Riding The Rollercoaster of Property
Well, here we are at the end of another interesting year in property 2022 – and it’s been a real rollercoaster!
Here is an interesting graph about NZ asset classes (as at Sept 2022). You can see that we as a nation are pretty committed to property – no wonder we call it our national sport!
What surprised me is that the value of mortgages in NZ is just $341billion – that’s just 21% of the property value meaning 70% of the value is in household equity.
One of the things people have said will drive house prices down is the number of people coming off fixed rates to high(er) rates.
Currently 44% of mortgages (by value) are fixed and due to roll over next year.
That’s well down from the peak of 66% last year.
I’ve just read an interesting article by our favourite economist, Tony Alexander.
In it, he discussed why people treat the housing market so differently from other assets such as those shown above.
The main reason is that buying a house is an emotional thing, and it’s based on buying at the best price, but more importantly on how the property is going to suit your/your family’s needs.
And this means that value is hard to determine – a house’s value can vary tremendously for two different buyers.
Tony says
“This confusion between housing as an investment asset and a home means people can easily make bad decisions with regard to their buying and selling. We are at one of those particular points of confusion currently.”
Who Is Buying?
Firstly, home ownership, as a percentage of the population, is currently at its lowest in almost 70 years. In the 1990’s it peaked at 73.8% (of the population owned their own home) and this dropped to 64.5% in 2013. It rose again to a high of 67.8%in 2001 but since then has trended downwards and is currently estimated to be at 63.8% by 2024.
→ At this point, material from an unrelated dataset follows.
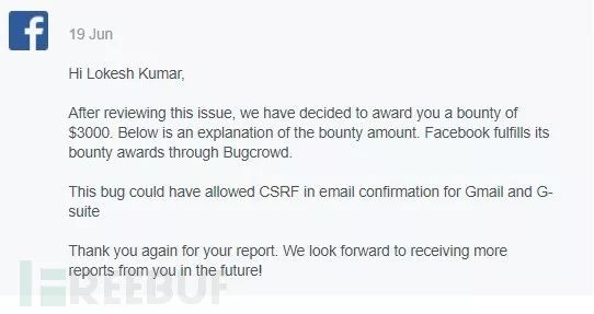 本文分享的是一个Facebook CSRF漏洞,用Gmail或G-Suite账户来验证新创建Facebook账户时存在的CSRF令牌验证机制漏洞,攻击者利用该漏洞,可在验证新创建Facebook账户时,以最小用户交互方式用受害者邮箱验证其注册的Facebook账户,实现间接CSRF攻击。漏洞最终获得Facebook官方$3000美金奖励。
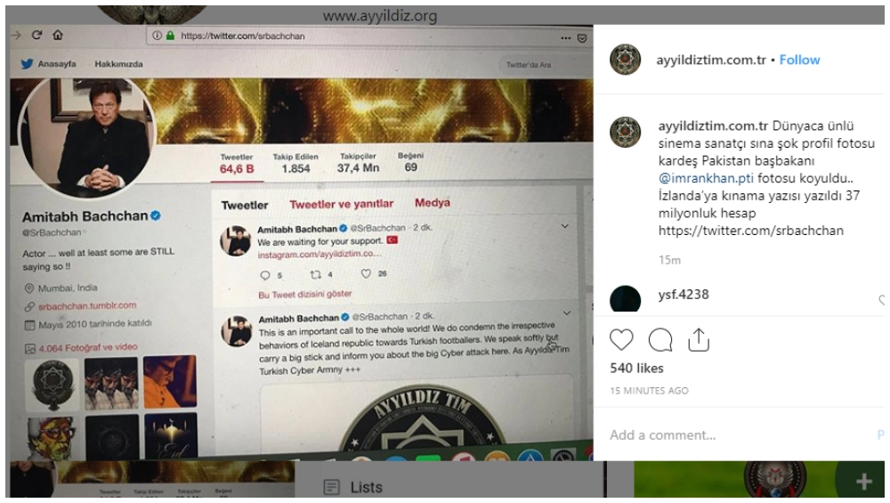 The latest target of a group of Turkish hackers is Amitabh Bachchan's Twitter account. The group of hackers known as Ayyildiz Tim gained access to Big B's account and tried to spread their propaganda. Amitabh's display picture was changed to that of Pakistani Prime Minister Imran Khan. The bio was updated to read "I love Pakistan" with an added flag of Turkey. "This is an important call to the whole world! We do condemn the irrespective behaviors of Iceland republic towards Turkish footballers. We speak softly but carry a big stick and inform you about the big Cyber attack here. As Ayyıldız Tim Turkish Cyber Armny," the hackers tweeted from Amitabh's account.

Most of this change has come about as a result of first home buyers being unable to afford to buy into the market – especially in Auckland.
The general sentiment from agents across NZ is that there are fewer first home buyers in the market than we have seen in a long time, despite all the help (rise in price caps for First Home Grants, introduction of the First Home Partner program and First Home Loans price caps being lowered).
Unfortunately the banks’ stress tests and the increase in mortgage rates have made purchasing your first home even harder.
Given All The Above Information, Are We Any Wiser About Where House Prices Are Going?
We are still in a buyer’s market, with prices still being forced lower by a combination of more properties on the market and an ongoing rise in interest rates making buyers very wary of taking action.
You may have noticed how many properties are being passed in at auction and then appearing as ‘By Negotiation’ or with a price.
Good properties are selling quite well with the occasional auction having 5-10 bidders, but any properties with any fish hooks at all will be lucky to get anyone bidding at auction.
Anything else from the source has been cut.